On the other hand, according to Mysteel, the supply of steel on the domestic market is likely to decrease in the coming months, and this will also lead to an increase in steel prices.

Of the 247 domestic steel mills monitored by Mysteel, only about half made some profit on their finished steel in September, and many teetered on the brink of losing money — a situation that has already prompted steelmakers to refrain from ramping up production, Wang said. .

Given the steel mills' voluntary production cuts and their challenge to keep total steel production lower this year than last year, Mysteel estimates China's steel production will rise slightly to 86.5mt in October before staying below 80.4mt. million tons in October. November and December are close to the lowest levels this year.

In addition to improving the balance between supply and demand, higher commodity prices could also support steel prices, Wang added. Widespread production shutdowns at coal and iron ore mines following frequent accidents are likely to lead to shortages of these commodities amid steelmakers' demand for restocking.

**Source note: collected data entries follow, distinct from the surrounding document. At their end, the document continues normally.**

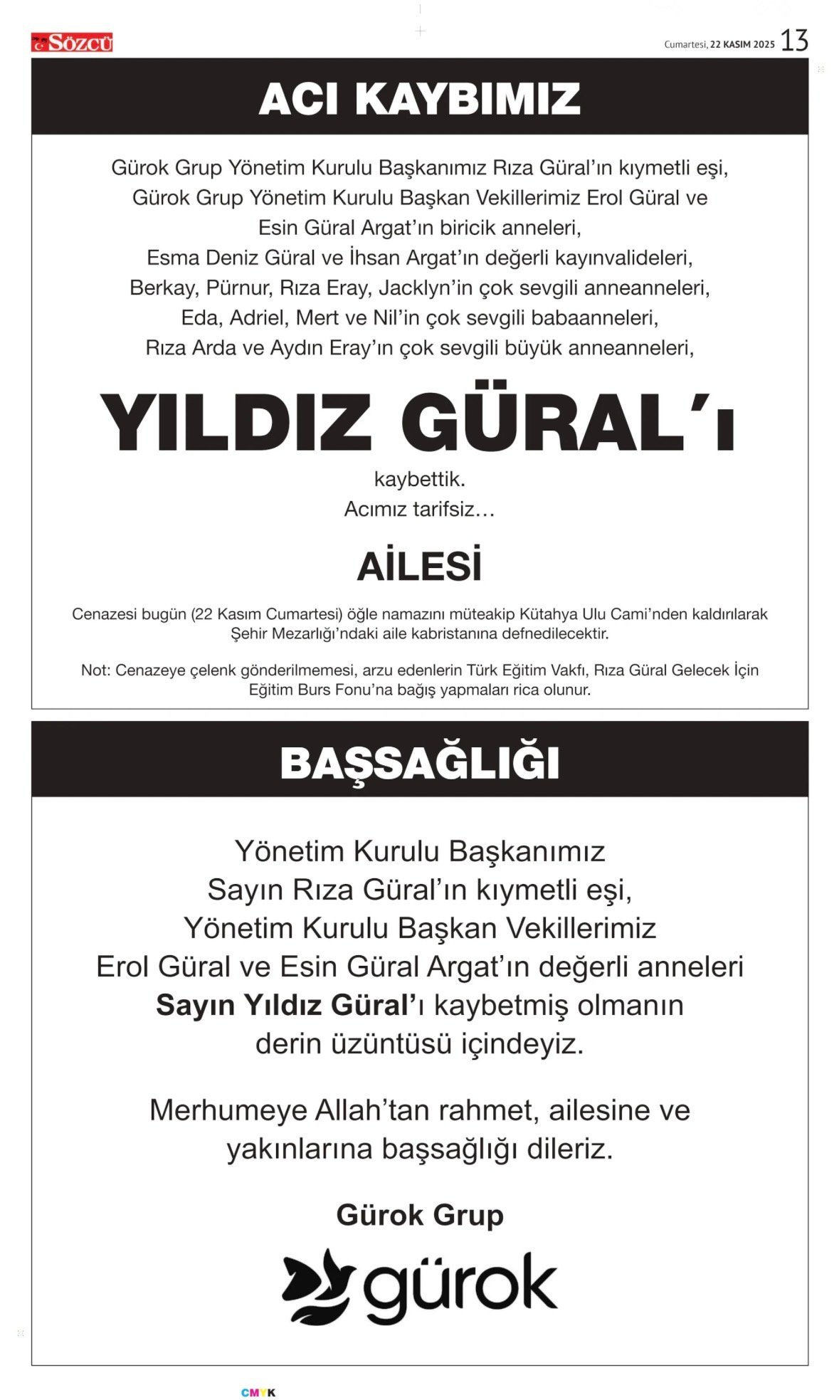 YILDIZ GÜRAL – VEFAT İLANI,
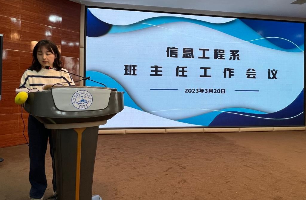 为加强班主任工作规范化、制度化管理,信息工程系于3月20日下午在智慧大讲堂召开班主任工作会议。信息工程系主任邱智铖,副主任臧嘉琦,系办干事及2021级、2022级全体班主任参加了会议。会议由臧嘉琦主持。
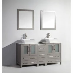 - Includes two (2) Base Cabinets, one (1) Side Cabinet, Vanity Tops, two (2) Vessel Sinks & Two (2) Matching Vanity Mirrors

“Steel mills have a key opportunity to manage rising steel prices through sensible production cuts,” Wang commented. “After falling for almost six straight months, domestic steel prices now have a chance to bounce back, thanks to stronger fundamentals and supportive macroeconomic policies,” he said. “And if the government strengthens its fiscal support policy and if domestic lockdowns to contain COVID can be avoided, prices will gain more momentum,” he concluded.